#### Work to complete
Search the entries below for "Photo is virtually staged". Give that line and all the lines after it again, exactly, through the last, without pictures.

#### Stored items from a collection
──────

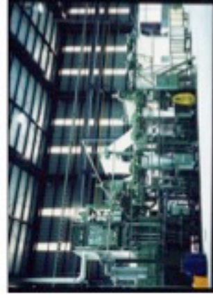
Corrugate Flow Washing Range
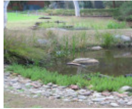
Manningham Heritage Garden & Significant Tree Study 2006
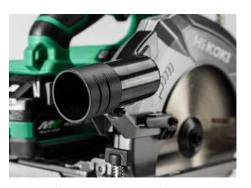
Dust adapter for use with vacuum cleaners for a clean workspace.
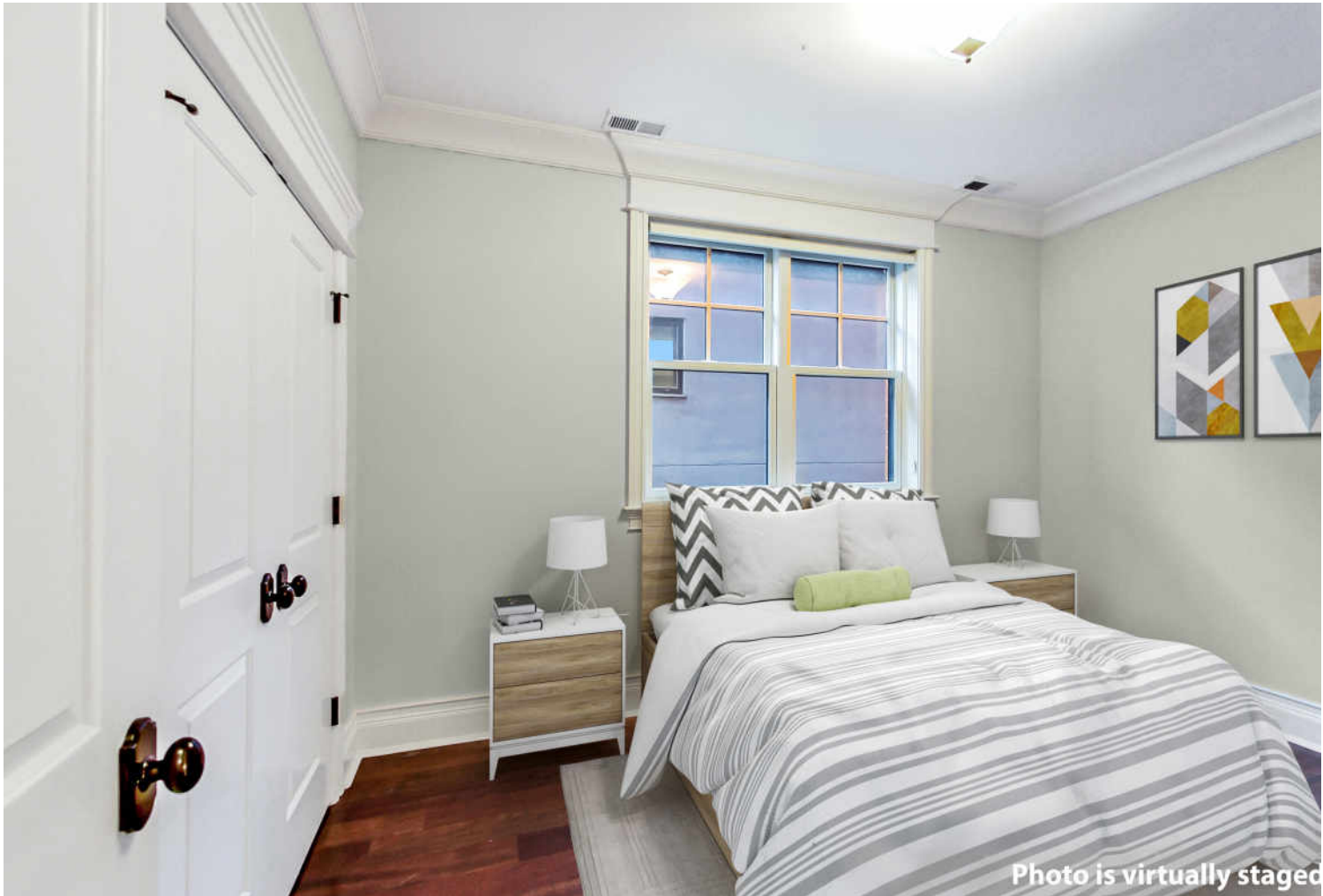
Photo is virtually staged
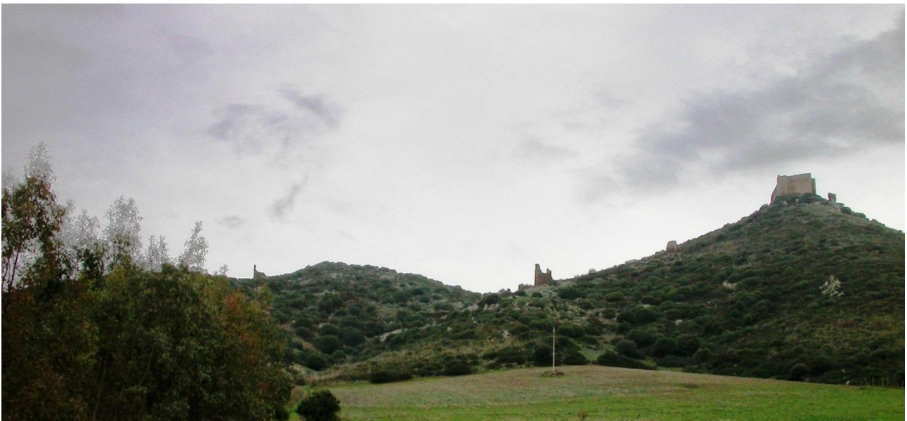
Fig. 1 - The hill and the fortified complex of Monreale.

The keep stands on a steep hill, at a height of 387 metres above sea level (fig. 1). The perimeter walls of the fort are still visible, about ten metres high and contains an inner area of about 720 square metres (fig. 2). The keep, which has the shape of an irregular stretched trapezium, with the north and south sides parallel to each other and the Western one oblique in respect of the first two. The entrance, in one corner where the south and west walls meet, leads into the keep's interior that has several rooms: five along the northern wall, two along the southern wall, one on the south-east side, plus another space that is a tower on the north-east side (fig. 3). These rooms, of which only the ground floor remain, were spread over several floors, as can be seen from the holes used to house the wooden floors of the upper storeys. All the spaces, both on the ground floor and on the upper floors, were only illuminated by windows overlooking the inner courtyard. The building consisted of an irregular building made of local schist, trachyte, granite and limestone stones, all bound by abundant mortar.
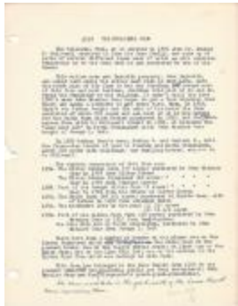
#139 The Hollowell Farm (Coll. 003 Vol. 002)
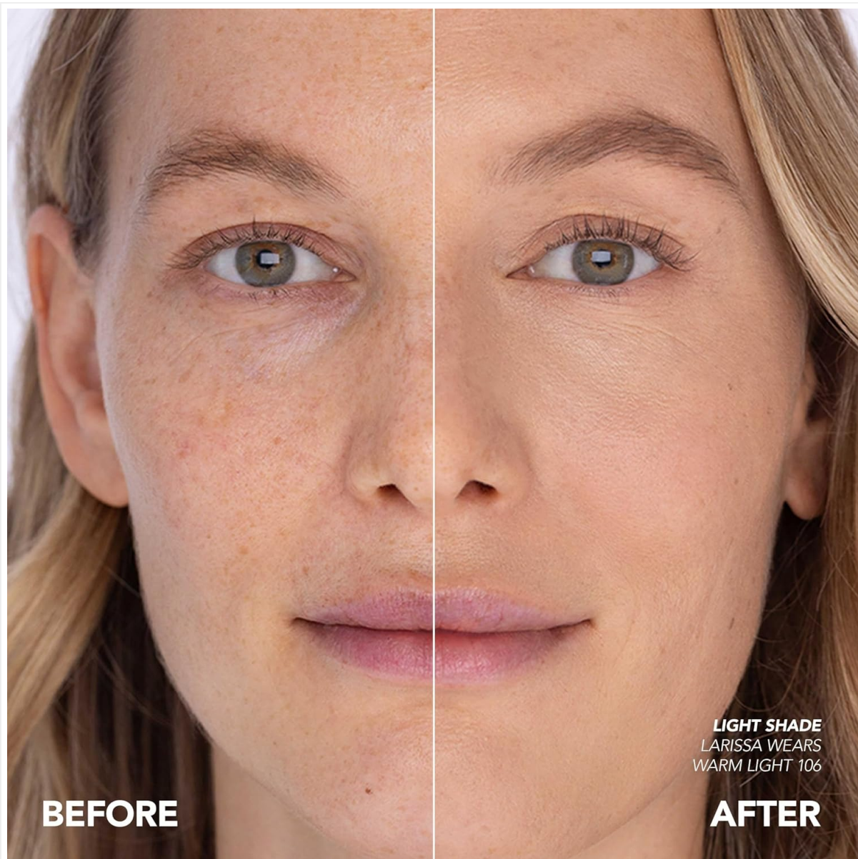
Image 4: A visual comparison of skin before and after applying the CCC Cream, demonstrating its coverage and natural finish.

Video 1: Demonstration of applying CCC Cream for a dewy, moisturized complexion. This video illustrates the blending process and the resulting skin finish.

──────

#### Answer space
Photo is virtually staged
Fig. 1 - The hill and the fortified complex of Monreale.

The keep stands on a steep hill, at a height of 387 metres above sea level (fig. 1). The perimeter walls of the fort are still visible, about ten metres high and contains an inner area of about 720 square metres (fig. 2). The keep, which has the shape of an irregular stretched trapezium, with the north and south sides parallel to each other and the Western one oblique in respect of the first two. The entrance, in one corner where the south and west walls meet, leads into the keep's interior that has several rooms: five along the northern wall, two along the southern wall, one on the south-east side, plus another space that is a tower on the north-east side (fig. 3). These rooms, of which only the ground floor remain, were spread over several floors, as can be seen from the holes used to house the wooden floors of the upper storeys. All the spaces, both on the ground floor and on the upper floors, were only illuminated by windows overlooking the inner courtyard. The building consisted of an irregular building made of local schist, trachyte, granite and limestone stones, all bound by abundant mortar.
#139 The Hollowell Farm (Coll. 003 Vol. 002)
Image 4: A visual comparison of skin before and after applying the CCC Cream, demonstrating its coverage and natural finish.

Video 1: Demonstration of applying CCC Cream for a dewy, moisturized complexion. This video illustrates the blending process and the resulting skin finish.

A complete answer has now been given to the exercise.